— Православные христиане! — возвысил голос Иван Федоров. — Вот пришел я к вам, московский друкарь, Федоров Иван. Гонениями царских слуг, презревших заповеди божии, принужден был покинуть родину и скитаться в чужих краях. Прошел Литву и Польшу, плача кровью над мучениями своих братьев во Христе. Видел, каким гонениям подвергается истинная греческая вера наша. Вижу и то, что сами христиане забывают или не знают слово божье. Богатые утесняют меньших братьев, чинят им обиды всякие, неправды великие, меньшие же умышляют всяческое зло, и оттого страдает люд! Нету божьего единения в нем!.. Чтобы уменьшить страдания сии, замыслил, как повелел мне господь бог наш, печатать книги священные, без коих не будет на земле правды! Но вотще искал сочувствия у неких духовных особ и богатством вознесенных. Видно, затмил им блеск золота слезы сиротские, горе вдовье, нужды несчастных… Не нашел я помощи у избранных и вот притек ныне к вам… Братья! Если не вы, кто еще поможет теперь созданию книг истинных? Если не вы, что с божьей правдой станется?!. Порадейте миром! Дайте кто сколько может на возведение друкарни православной! Пусть и мало даяние, но множеством малых великое совершим вкупе с вами!.. Вот книги, мной созданные! Смотрите! Кои в Москве, кои в Литве печатал… Здесь же новые, коли ваша воля будет, на радость единоверцам и на печаль врагам создам. Сил не пощажу! Трудов не пожалею!.. Не сомневайтесь в словах моих! Не пожалейте лепты на богоугодное дело! Вам же я верным слугой буду!
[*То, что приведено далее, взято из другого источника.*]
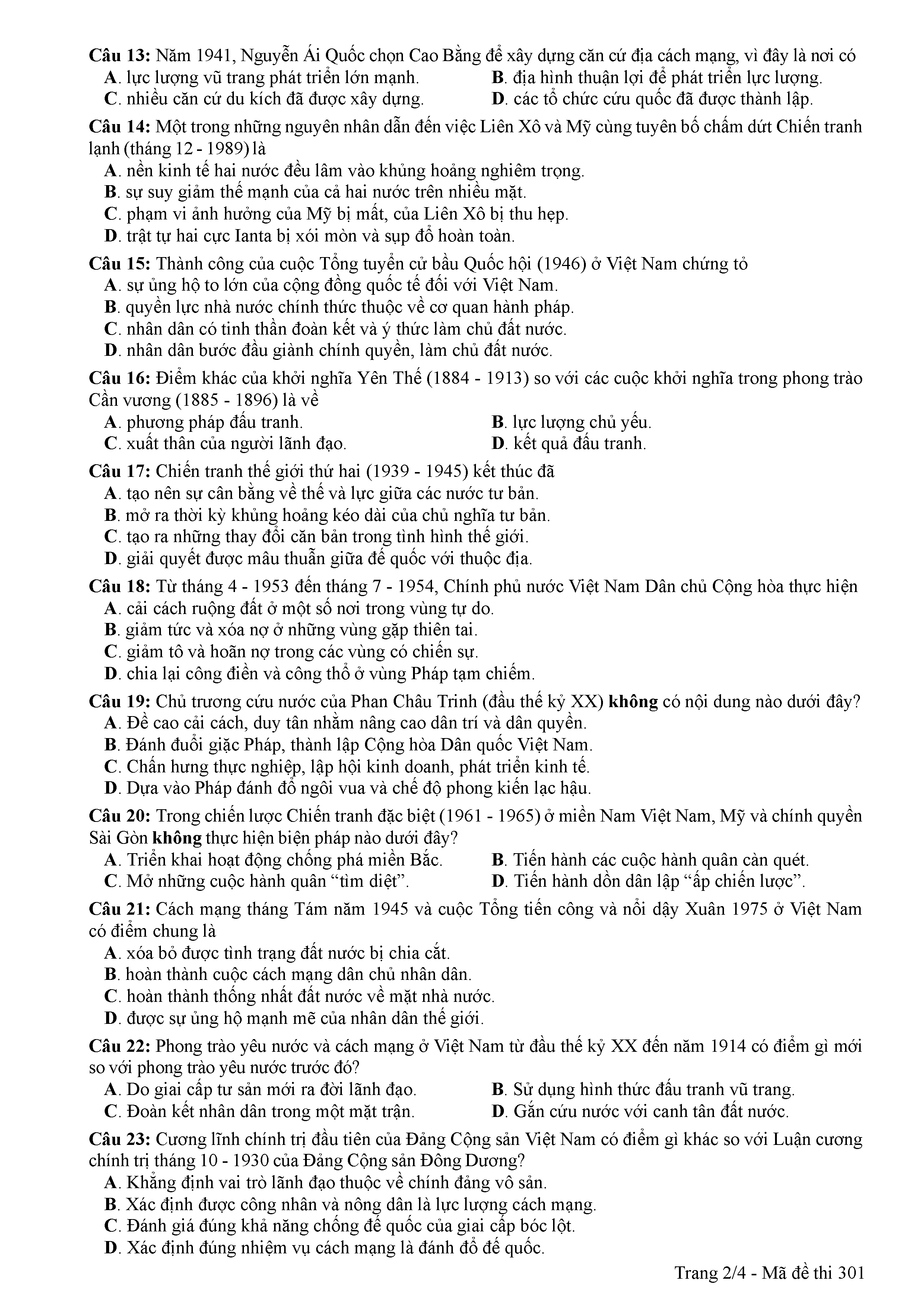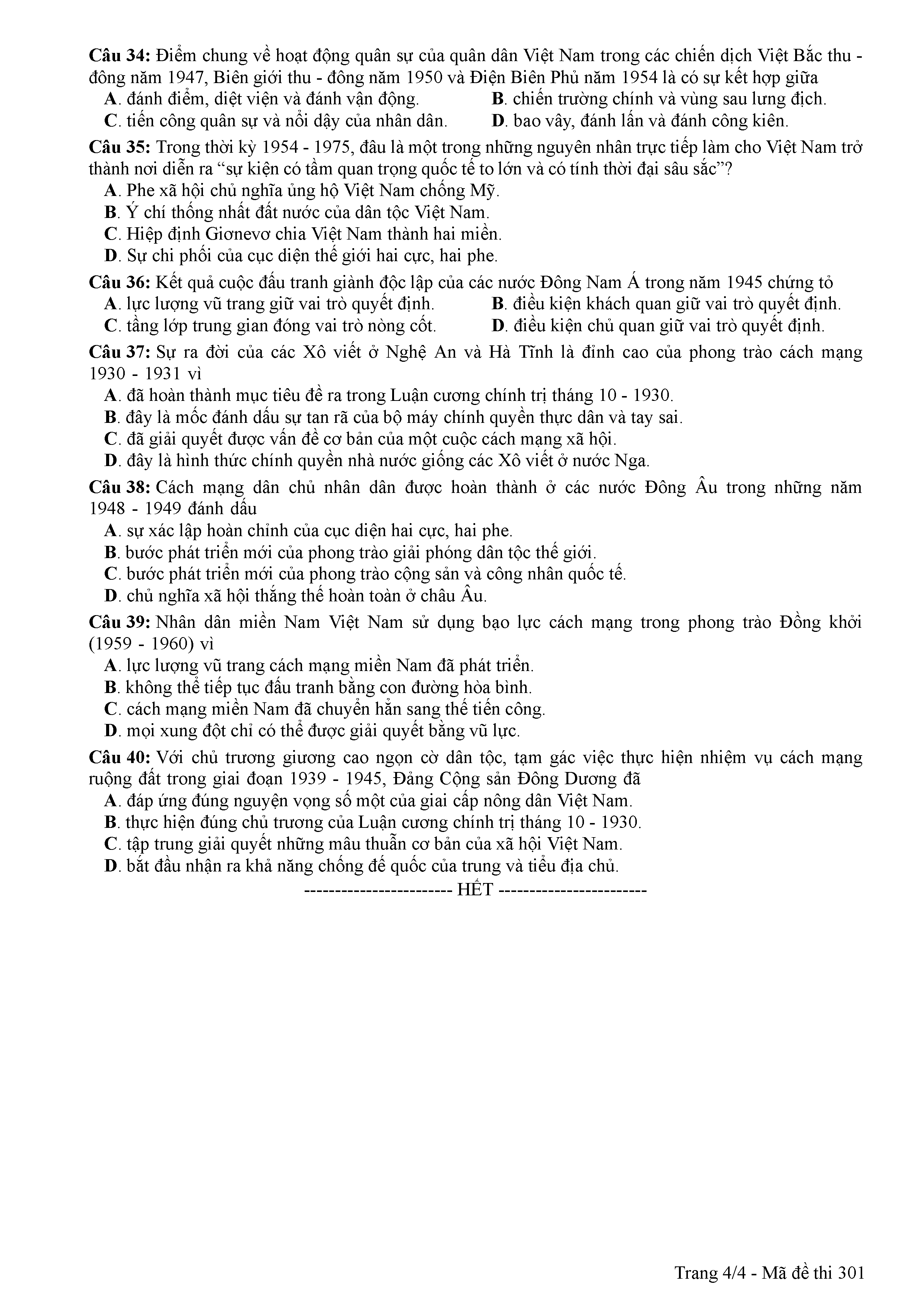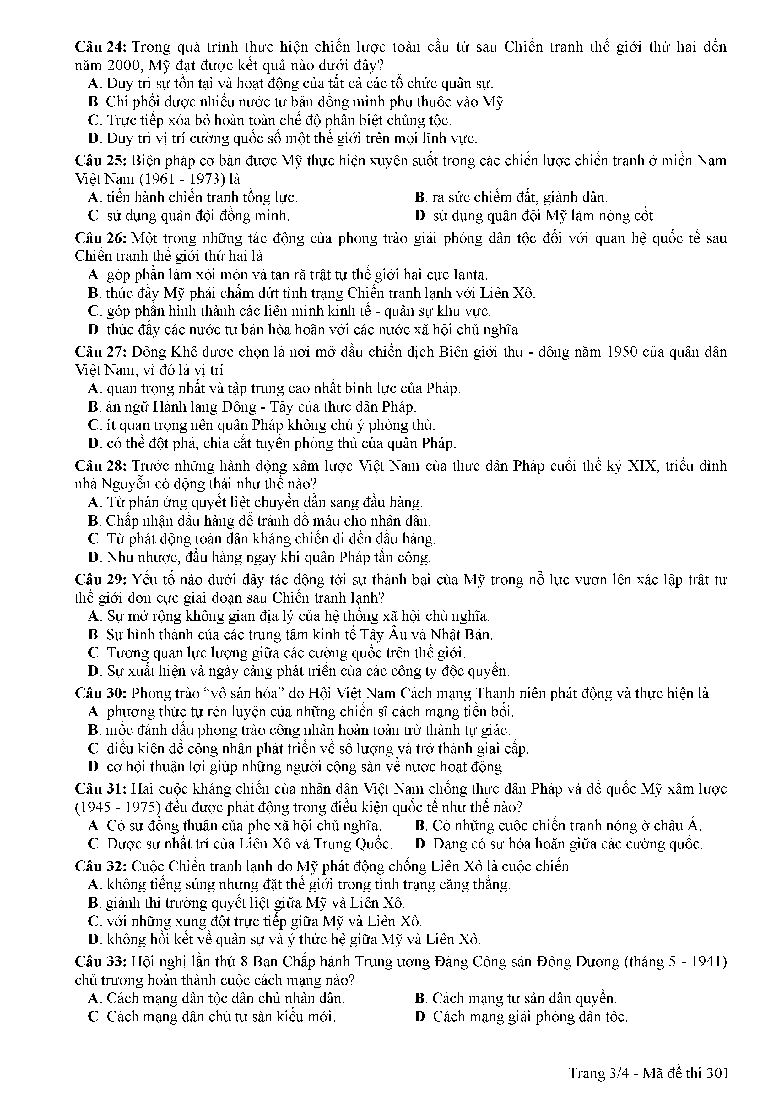 ĐỀ THI CHÍNH THỨC THPTQG NĂM 2017 - MÔN LỊCH SỬ-MÃ ĐỀ 301
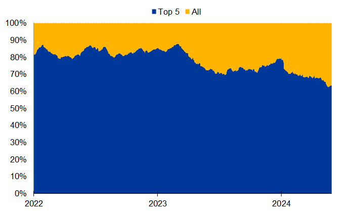 Reassuringly, the concentration of banks' exposure to hedge funds has gradually declined over time (Chart 3), although it remains elevated. Additionally, hedge funds account for only about 10% of outstanding repo volumes[5], and banks' exposures are diversified across approximately 200 hedge funds.
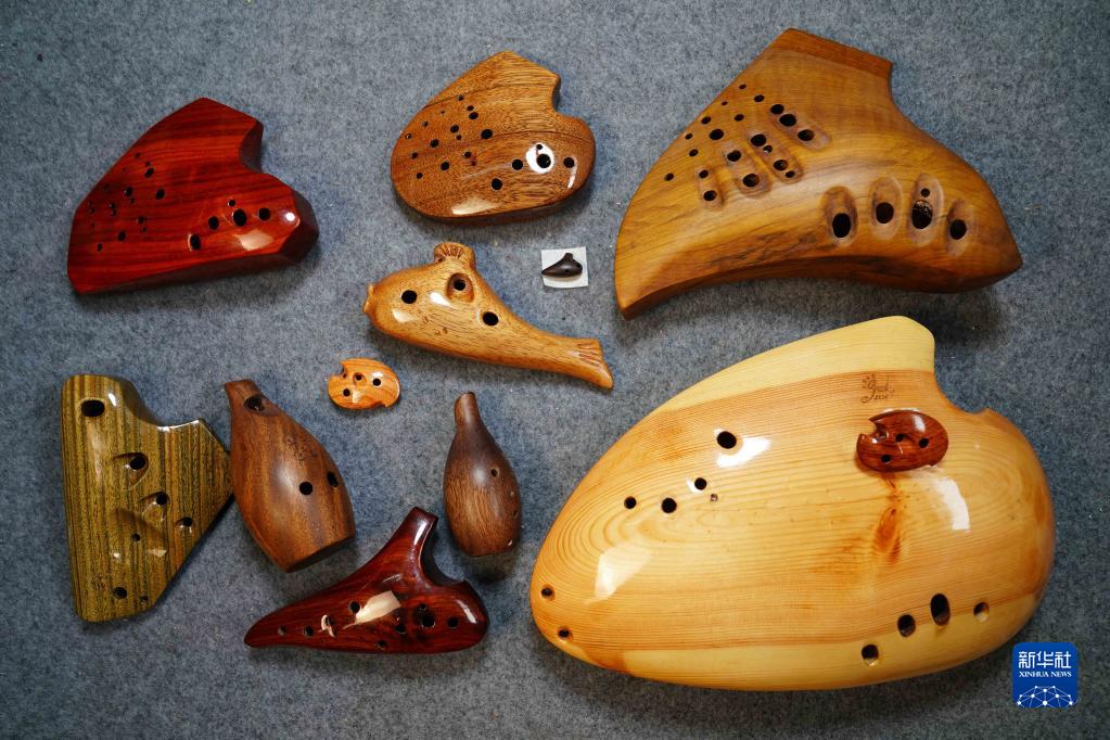 這是陶笛藝人侯義敏制作的各種木質(zhì)陶笛(2月20日攝)。
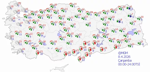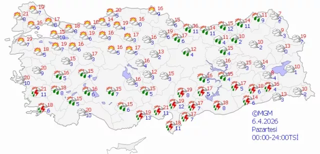 Meteoroloji Genel Müdürlüğü’nün son değerlendirmelerine göre Türkiye genelinde çok bulutlu bir hava hakim olacak. Ege, Akdeniz, İç Anadolu ve Karadeniz’in büyük bölümü ile Doğu ve Güneydoğu Anadolu bölgelerinde yağış bekleniyor. Ayrıca Balıkesir’in doğusu ile Sakarya, Bursa ve Bilecik çevrelerinde de sağanak görülecek.
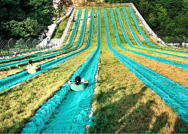 走到斜斜的坡地,一条条狭窄的绿色滑道蜿蜒而下,好像一帘帘碧绿下泻的飞瀑一般。坐在帆布滑坐垫上,还没来得及缓过神来,“咻”的一下,就往草坡下冲,连尖叫声都比风声跑的要快。
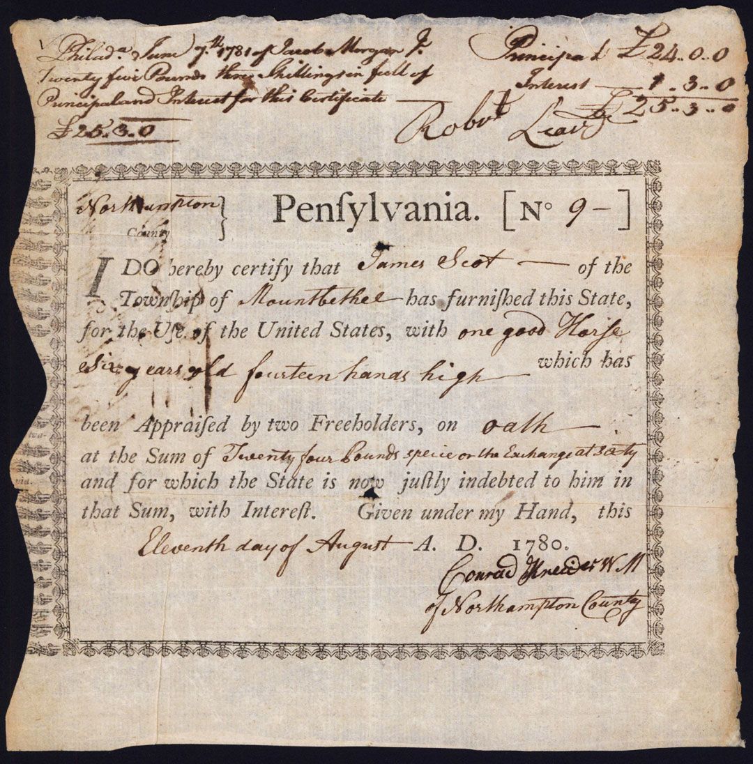Northampton County, Pennsylvania. 1780, Indentured receipt with ornate frame. Issued for "One good HorseÉ" furnished to the state for the use of the United States. Certificate #9. Two small internal fold split holes, otherwise Very Fine and rare.
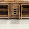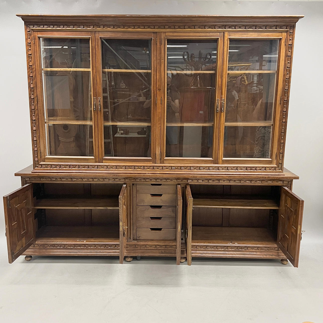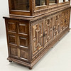 Todelt skab. Stel af mørkbejdset træ. Overdel med to par låger og underliggende hylder. Underdel med to par låger og en enkelt låge med underliggende skuffer. Bredde 252, dybde 52 cm, højde 220 cm.
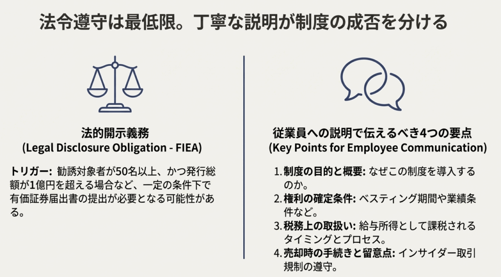 制度のメリットだけでなく、税金や株価変動リスクといった注意点も含めて丁寧に説明することが、従業員の理解を深め、将来のトラブルを未然に防ぐ鍵となります。

Книги переходили из рук в руки. Прихожане взволнованно переговаривались, шумели.
Поп Успенской церкви вместе с дьяконом давно уже стояли рядом с Федоровым, не зная, как поступить.
— Пусть поп скажет, верно ли друкарь толкует! — послышались голоса.
— Говори, батя!
Поп оглянулся, развел руками.
— Книги сии подлинные… — с запинкой произнес он. — Но дорого печатню ладить, братья… Оттого…
— Слышали! Подлинные книги!
— Попам на все божеское денег жаль! Утробу набивать любят, а книги, ишь, ему дороги!
— В книгах-то вся правда, как есть! Толстопузым не с руки правду до всех доводить! Прячут!
— Братья! У католиков, у лютеран — у всех книги печатные, дешевые. Только для наших попов они дороги, вишь!
Поп посунулся к Федорову.
— Что наделал?! Смуту сеешь!
Федоров возразил:
— Глас народа — глас божий! Или забыл писание, отче? Обратись к пастве! Скажи, что похвально желание людей свои книги иметь! Да сам и собирай деньги, кои подадут.
У попа хватило разума принять совет. Воздел руки.
— Братья! Внемлите! Коли таково желание ваше, изберите из своей среды достойных, а мне доверите — и я, грешный, помочь готов… Соберем даяния ваши на учреждение печатни…
Иван Федоров, выпрямись, слушал выкрики, перебегал взглядом по улыбающимся, веселым лицам, в груди что-то теснило, мешало дышать, мешало сказать хотя бы слово, и он лишь сильней и сильней сжимал в руке старую шапку…
К другим церквам с ним пошли доброхоты из толпы. И везде, у каждом церкви, прихожане, услышав о печатных книгах, о том, что вся надежда на них одних, выбирали людей для сбора денег и клали в подставленные руки и чашки кто сколько мог.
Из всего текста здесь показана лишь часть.